Initial Situation and Goal

Gaussian Process Regression (GPR) is a nonparametric, nonlinear Bayesian approach to regression that is used in physics, geostatistics (here usually called “Kriging”), financial statistics and time series analysis. In addition, it is currently making waves in the area of Machine Learning. The aim is to find the posterior distribution of the response conditioned on the data. So the question here is: What random function could explain the observed values best? As pre-condition, we need realizations that are described by a Multivariate Normal Distribution. (Tip: Space Filling Designs are highly suitable.) This makes it able to capture input-output dynamics without having to “fit” anything, leading to a highly flexible tool. Moreover, GPR is relatively robust to transgressions between assumptions and reality, also in higher dimensions.

After training the model and fine-tuning its hyper-parameters (bandwidth and nugget), it can be used to make predictions for unseen data.

How do we use the method 'gaussianProcessRegression' from 'CornerstoneR' in 'Cornerstone'?

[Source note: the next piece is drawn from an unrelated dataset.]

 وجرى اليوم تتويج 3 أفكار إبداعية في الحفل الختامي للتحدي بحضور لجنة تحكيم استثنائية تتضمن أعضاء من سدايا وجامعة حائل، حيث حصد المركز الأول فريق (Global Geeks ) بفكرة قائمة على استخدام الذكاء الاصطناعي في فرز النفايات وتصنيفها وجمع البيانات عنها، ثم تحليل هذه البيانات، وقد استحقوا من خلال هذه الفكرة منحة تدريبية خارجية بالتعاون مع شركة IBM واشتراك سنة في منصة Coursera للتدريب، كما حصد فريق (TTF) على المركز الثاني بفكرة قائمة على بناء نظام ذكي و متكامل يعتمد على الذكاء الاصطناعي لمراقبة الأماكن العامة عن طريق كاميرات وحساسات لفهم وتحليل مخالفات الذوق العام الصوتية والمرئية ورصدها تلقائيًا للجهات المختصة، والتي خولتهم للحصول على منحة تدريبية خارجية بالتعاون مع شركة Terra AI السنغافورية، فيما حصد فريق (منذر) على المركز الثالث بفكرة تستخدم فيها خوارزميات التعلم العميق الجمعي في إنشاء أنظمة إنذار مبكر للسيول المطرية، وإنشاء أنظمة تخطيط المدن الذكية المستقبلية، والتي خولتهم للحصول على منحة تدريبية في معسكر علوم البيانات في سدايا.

Train a Gaussian Process to Data

To illustrate GPR in 'Cornerstone', we will first create a small sample dataset in Cornerstone. For this, open a New Dataset via 'Data' \(\rightarrow\) 'New Dataset' from the Cornerstone Workmap window and add 10 rows via 'Rows' \(\rightarrow\) 'Append...'. We now add 3 computed columns via 'Columns' \(\rightarrow\) 'Add' \(\rightarrow\) 'Computed...' with the following variable names and formula expressions:

  • Name: “Helper”, Expression: \(1/9\)
  • Name: “x”, Expression: \(cumsum("Helper")-1/9\)
  • Name: “y”, Expression: \(abs(sin(2*3.141592653*x))\)^\(0.8\)

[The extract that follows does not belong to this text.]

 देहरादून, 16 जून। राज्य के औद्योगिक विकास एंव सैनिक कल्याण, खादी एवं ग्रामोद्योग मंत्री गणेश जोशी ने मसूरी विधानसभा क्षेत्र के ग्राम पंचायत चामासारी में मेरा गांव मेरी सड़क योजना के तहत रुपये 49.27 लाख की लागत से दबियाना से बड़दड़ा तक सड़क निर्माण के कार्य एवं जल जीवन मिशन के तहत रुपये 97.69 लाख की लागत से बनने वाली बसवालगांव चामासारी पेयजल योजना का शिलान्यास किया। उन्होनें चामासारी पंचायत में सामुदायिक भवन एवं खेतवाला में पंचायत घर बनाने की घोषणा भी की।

As a result, we obtain the dataset as displayed in the following picture.

Gaussian Process Regression: Data

In that window, choose the menu 'Analyses' \(\rightarrow\) 'CornerstoneR' \(\rightarrow\)'Gaussian Process Regression' as shown in the following screenshot.

Gaussian Process Regression: Menu

In the appearing dialog, select 'x' variable to predictors. This variable represents a series of 10 equally distanced values between 0 and 1. 'y' is a computed response variable with sinusoidal shape. Note that the Gaussian Process Regression also supports multiple predictors and responses.

Gaussian Process Regression: Variable Selection

'OK' confirms your selection and the following window appears.

Gaussian Process Regression: R Script

Set the GPR options via 'R Script' \(\rightarrow\) 'Script Variables' as shown in the following screenshot.

Gaussian Process Regression: Script Vars

The following settings can be made:

  • Only Use Brushed / Non-brushed Rows for Modeling
  • Apply Box-Cox Transformation
  • Define Box-Cox Transformation Offset and Sign
  • Choose a Confidence Level
  • Output the Covariance Matrix
  • Optimize Parameters
  • Set start values for hyper-parameters bandwidth and nugget
  • Use nugget for generation of priors
  • Choose number of prediction levels to create full factorial design
  • Define number of prediction points for Adjusted Response Graph

The script variables are explained in more detail in section Options in the Script Variables Dialog. When you are done setting the script variables, click 'OK'. For this example, we keep the options as displayed in the screenshot.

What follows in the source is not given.